Association of accelerometer-derived step volume and intensity with hospitalizations and mortality in older adults: A prospective cohort study.

2021 
Background To examine the associations of accelerometer-derived steps volume and intensity with hospitalizations and all-cause mortality in older adults. Methods This prospective cohort study involved 768 community-dwelling Spanish older adults (78.8 ± 4.9 years, mean ± SD; 53.9% females) from the Toledo Study for Healthy Aging (2012-2017). The number of steps per day and step cadence (steps/min) were derived from a hip-mounted accelerometer worn for at least four days at baseline. Participants were followed up over a mean period of 3.1 years for hospitalization and 5.7 years for all-cause mortality. Cox proportional hazards regression models were used to estimate the individual and joint associations between daily steps and stepping intensity with hospitalizations and all-cause mortality. Results Included participants walked 5835 ± 3445 steps/day (mean ± SD) with a intensity 7.3 ± 4.1 steps/min.
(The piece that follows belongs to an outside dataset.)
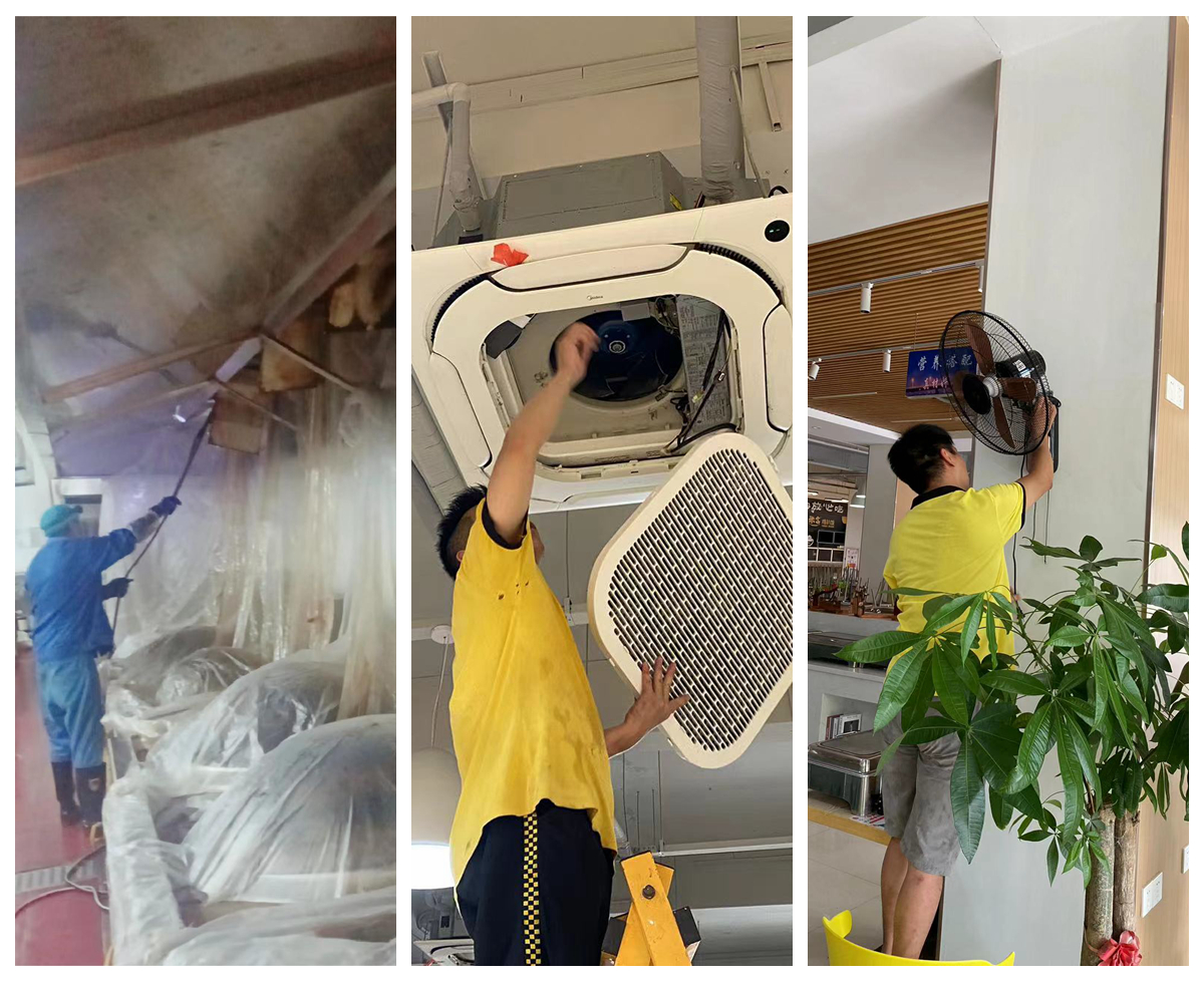 检修清洗食堂油烟机、餐厅空调及风扇

After adjusting for age, sex, body mass index (BMI), education, income, marital status and comorbidities, higher step count (hazard ratio (HR) = 0.95 95% confidence intervals (95%CI: 0.90-1.00), and HR = 0.87 (95%CI: 0.81-0.95) per additional 1,000 steps) and higher step intensity (HR = 0.95 (95%CI: 0.91-0.99), and HR = 0.89 (95%CI: 0.84-0.95) per each additional step/min) were associated with lower hospitalizations and all-cause mortality risk, respectively. Compared to the group having low step volume and intensity, individuals in the group having high step volume and intensity had a lower risk of hospitalization (HR = 0.72 (95%CI: 0.52-0.98)) and all-cause mortality (HR = 0.60 (95%CI: 0.37-0.98)). Conclusion Among older adults, both high step volume and step intensity were significantly associated with lower hospitalization and all-cause mortality risk. Increasing step volume and intensity may benefit older people.